--- MATERIAL FOR THE TASK ---
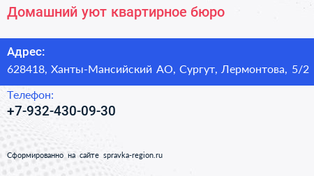 Домашний уют, квартирное бюро по адресу 628418, Ханты-Мансийский АО, Сургут, Лермонтова, 5/2 в дальнейшем Организация, размещена в следующих категориях:
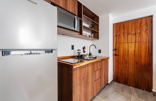 Disfruta cómodo departamento con baño completo. Con cama matrimonial. Encontrarás una cocina espaciosa y totalmente equipada con todo lo que necesitas para cocinar una comida deliciosa. Adicionalmente tendrás un comedor para disfrutar de todas las comidas.
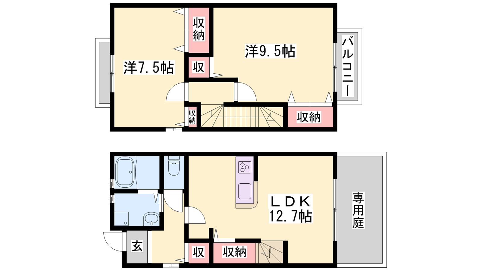 - LDK12.7帖、洋室9.5帖、洋室7.5帖
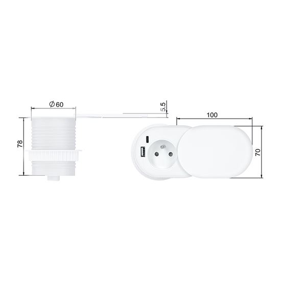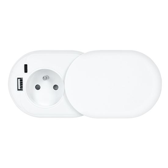 Posuvné víčko v matném bílém provedení působí elegantně a nenápadně, zejména v bílém nábytku. Posuvný mechanismus chrání zásuvku i nabíjecí porty před prachem a nečistotami. Navíc lze odhalit jen USB porty a síťovou zásuvku ponechat zakrytou. Zakryté víčko zachovává čistý vzhled pracovní plochy.
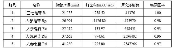 供试品溶液色谱图中,人参皂苷Rg1与人参皂苷Re色谱峰的分离度应大于1.5,理论板数按人参皂苷Rg1计算不应低于6000。
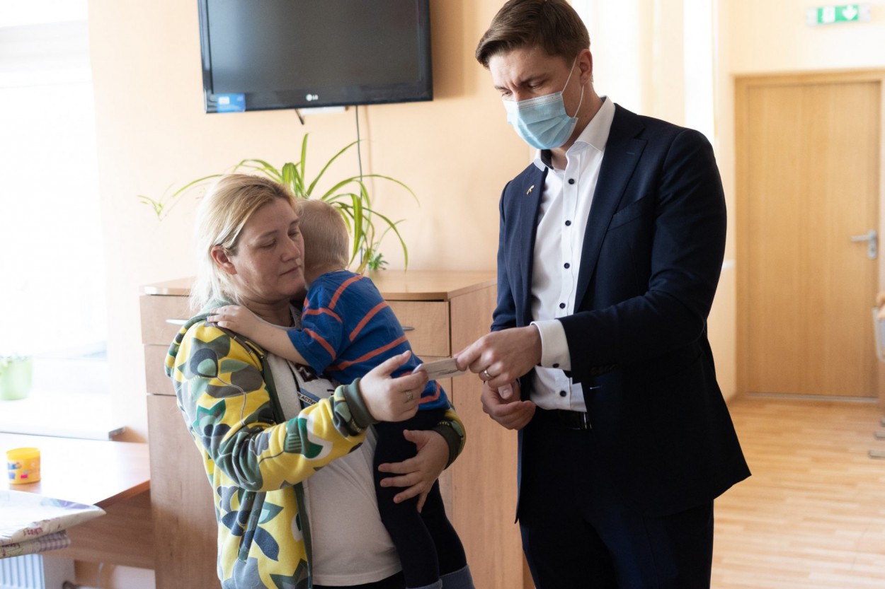 „Užtikrinsime visas būtiniausias paslaugas ir pasistengsime padaryti viską, kad Jonavoje bent trumpam pamirštumėte karo baisumus. Čia esate saugūs, jumis pasirūpins puikiausi mūsų specialistai ir visi jonaviečiai, kurie reiškia didelę paramą Ukrainai ir jos žmonėms“, - ukrainiečių šeimai sakė meras M. Sinkevičius.
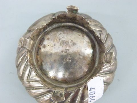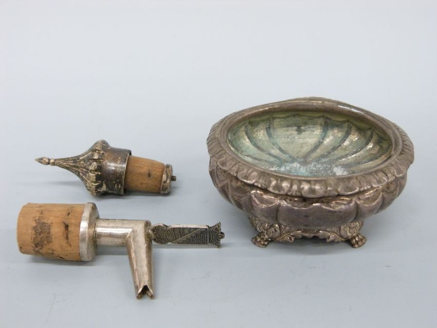A Georgian hallmarked silver open salt raised on four paw feet, London 1824 maker Charles Fox II, weight 77g, an Edward VII silver bottle stopper London 1901 maker William Hutton & Sons Ltd and a bottle pourer
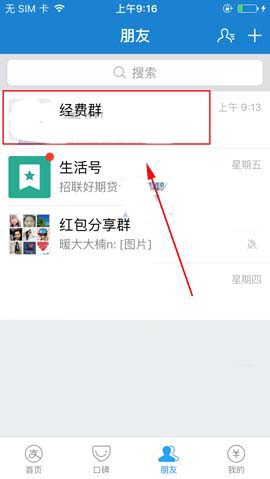 1)首先我们打开支付宝点击【朋友】,接着点击要删除的【群】。(如下图)
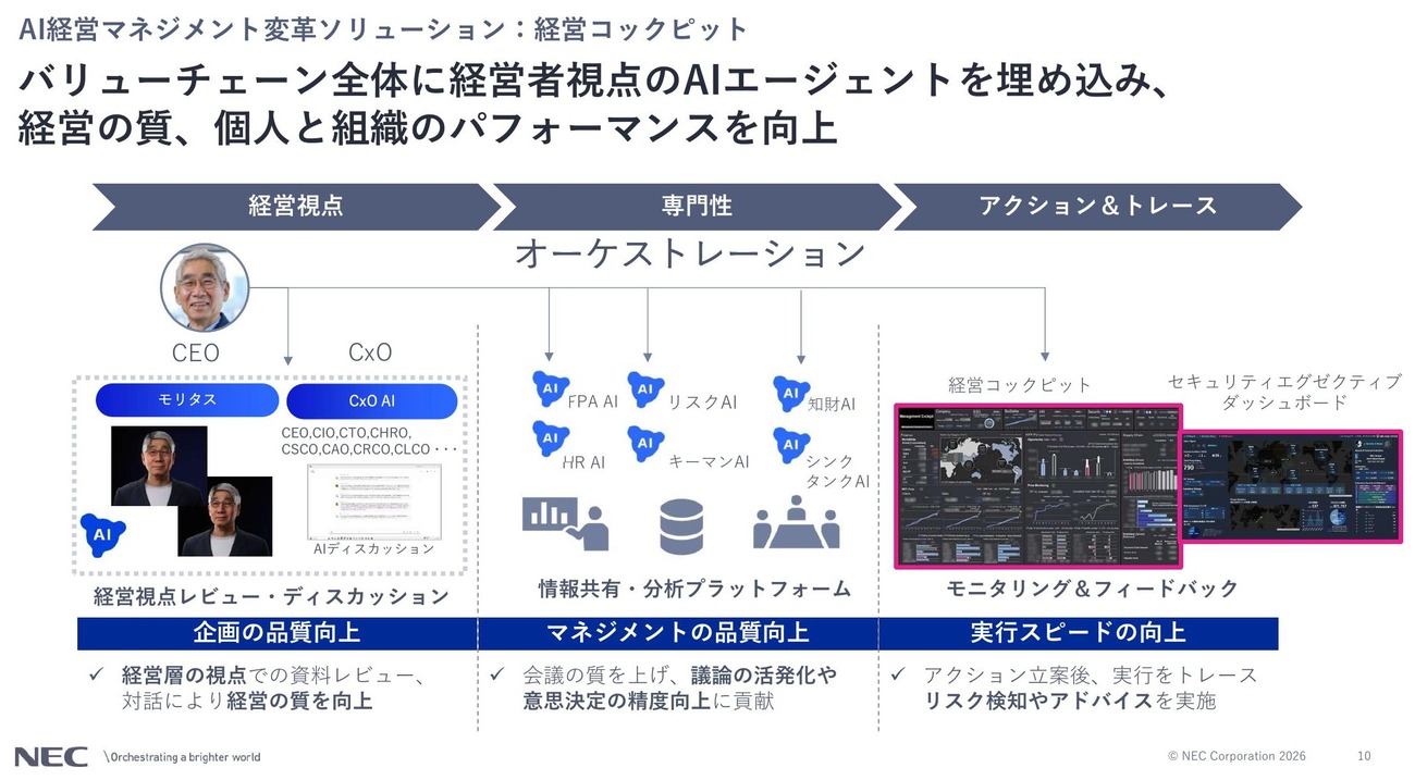 AI経営マネジメント変革のコアソリューションとなる「経営コックピット」では、バリューチェーン全体に経営者視点のAIエージェントを組み込む設計を採用している。「経営視点」「専門性」「アクション&トレース」の3フェーズをオーケストレーション機能が統合する構成で、経営視点フェーズではNECの森田社長をモデルにした「モリタス」と呼ぶCEO AIと、CIO、CTO、CHROなど各CxOに対応したAIが資料レビューや対話を支援する。専門性フェーズではFPA AI(財務計画・分析)、リスクAI、知財AI、HR AIなどが情報共有・分析プラットフォームとして会議の質と意思決定の精度向上に貢献し、アクション&トレースフェーズでは立案後の実行をモニタリングしてリスク検知やアドバイスを行う。
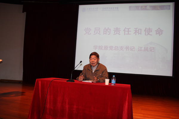 随后先进党支部代表硕士生B1008092班党支部结合本支部创新性做法——班级和党支部共同建设模式,进行了支部建设工作经验交流。“优秀党员”代表王珺霞同学从党员不仅是一种称号也不仅是一种荣誉,更重要的是要成为一种习惯角度阐述了自己的所感所悟。 老红军战士、350vip8888新葡的京集团原党总支书记、已近80岁高龄的老党员江凤记老师为全体党员做了“党员责任与使命”专题讲座。江凤记老师从一名老党员、老同志的角度对党的路线、政策进行了解读,对十八大召开的进行了展望,并对全体党员同学提出了三点希望:一、希望所有党员同学努力学习科学文化知识、做好本职工作、二、希望所有党员同学加强自身党性修养,保持党的纯洁性。 三、希望所有党员同学时刻关注党的新政策、关注国家大事、并努力开阔国际视野。
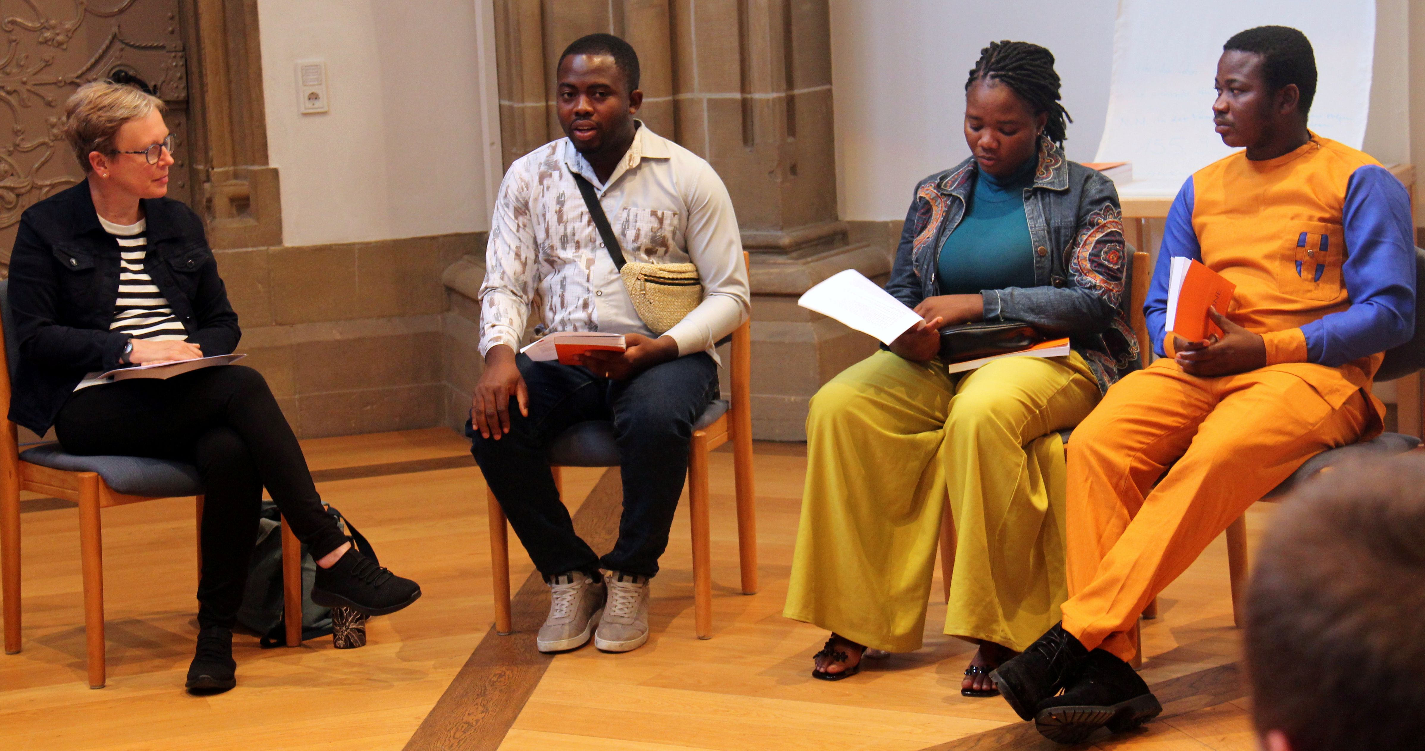 In kleiner, doch internationaler Runde saßen die Teilnehmenden im Chorraum zusammen. Pfarrerin Dörte Vollmer aus Lemgo führte stellvertretend für Studierendenpfarrer Maik Fleck durch die abendliche Feier. Salomon Adoono am Klavier gestaltete den Gottesdienst musikalisch.
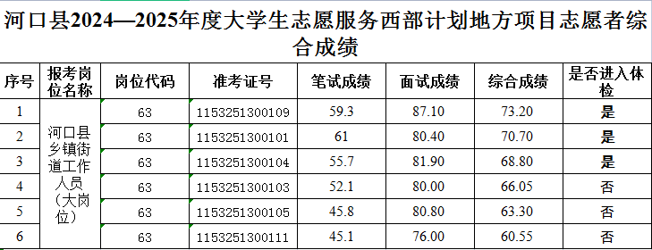 根據(jù)《紅河州2024—2025年度大學(xué)生志愿服務(wù)西部計劃地方項目志愿者招募公告》工作安排,共青團河口縣委于2024年6月28日順利完成大學(xué)生志愿者面試招募工作。此次面試遵循公平、公正、公開的原則,堅決把規(guī)矩和紀(jì)律放在首位,從報名及資格審查、筆試、面試等環(huán)節(jié)都嚴(yán)格把關(guān),科學(xué)制定面試實施方案?,F(xiàn)將綜合成績及體檢名單公示如下:
---
Please print the records above once more, word for word, omitting all pictures.

◆ RESPONSE TO THIS EXERCISE
 Домашний уют, квартирное бюро по адресу 628418, Ханты-Мансийский АО, Сургут, Лермонтова, 5/2 в дальнейшем Организация, размещена в следующих категориях:
 Disfruta cómodo departamento con baño completo. Con cama matrimonial. Encontrarás una cocina espaciosa y totalmente equipada con todo lo que necesitas para cocinar una comida deliciosa. Adicionalmente tendrás un comedor para disfrutar de todas las comidas.
 - LDK12.7帖、洋室9.5帖、洋室7.5帖
 Posuvné víčko v matném bílém provedení působí elegantně a nenápadně, zejména v bílém nábytku. Posuvný mechanismus chrání zásuvku i nabíjecí porty před prachem a nečistotami. Navíc lze odhalit jen USB porty a síťovou zásuvku ponechat zakrytou. Zakryté víčko zachovává čistý vzhled pracovní plochy.
 供试品溶液色谱图中,人参皂苷Rg1与人参皂苷Re色谱峰的分离度应大于1.5,理论板数按人参皂苷Rg1计算不应低于6000。
 „Užtikrinsime visas būtiniausias paslaugas ir pasistengsime padaryti viską, kad Jonavoje bent trumpam pamirštumėte karo baisumus. Čia esate saugūs, jumis pasirūpins puikiausi mūsų specialistai ir visi jonaviečiai, kurie reiškia didelę paramą Ukrainai ir jos žmonėms“, - ukrainiečių šeimai sakė meras M. Sinkevičius.
A Georgian hallmarked silver open salt raised on four paw feet, London 1824 maker Charles Fox II, weight 77g, an Edward VII silver bottle stopper London 1901 maker William Hutton & Sons Ltd and a bottle pourer
 1)首先我们打开支付宝点击【朋友】,接着点击要删除的【群】。(如下图)
 AI経営マネジメント変革のコアソリューションとなる「経営コックピット」では、バリューチェーン全体に経営者視点のAIエージェントを組み込む設計を採用している。「経営視点」「専門性」「アクション&トレース」の3フェーズをオーケストレーション機能が統合する構成で、経営視点フェーズではNECの森田社長をモデルにした「モリタス」と呼ぶCEO AIと、CIO、CTO、CHROなど各CxOに対応したAIが資料レビューや対話を支援する。専門性フェーズではFPA AI(財務計画・分析)、リスクAI、知財AI、HR AIなどが情報共有・分析プラットフォームとして会議の質と意思決定の精度向上に貢献し、アクション&トレースフェーズでは立案後の実行をモニタリングしてリスク検知やアドバイスを行う。
 随后先进党支部代表硕士生B1008092班党支部结合本支部创新性做法——班级和党支部共同建设模式,进行了支部建设工作经验交流。“优秀党员”代表王珺霞同学从党员不仅是一种称号也不仅是一种荣誉,更重要的是要成为一种习惯角度阐述了自己的所感所悟。 老红军战士、350vip8888新葡的京集团原党总支书记、已近80岁高龄的老党员江凤记老师为全体党员做了“党员责任与使命”专题讲座。江凤记老师从一名老党员、老同志的角度对党的路线、政策进行了解读,对十八大召开的进行了展望,并对全体党员同学提出了三点希望:一、希望所有党员同学努力学习科学文化知识、做好本职工作、二、希望所有党员同学加强自身党性修养,保持党的纯洁性。 三、希望所有党员同学时刻关注党的新政策、关注国家大事、并努力开阔国际视野。
 In kleiner, doch internationaler Runde saßen die Teilnehmenden im Chorraum zusammen. Pfarrerin Dörte Vollmer aus Lemgo führte stellvertretend für Studierendenpfarrer Maik Fleck durch die abendliche Feier. Salomon Adoono am Klavier gestaltete den Gottesdienst musikalisch.
 根據(jù)《紅河州2024—2025年度大學(xué)生志愿服務(wù)西部計劃地方項目志愿者招募公告》工作安排,共青團河口縣委于2024年6月28日順利完成大學(xué)生志愿者面試招募工作。此次面試遵循公平、公正、公開的原則,堅決把規(guī)矩和紀(jì)律放在首位,從報名及資格審查、筆試、面試等環(huán)節(jié)都嚴(yán)格把關(guān),科學(xué)制定面試實施方案?,F(xiàn)將綜合成績及體檢名單公示如下:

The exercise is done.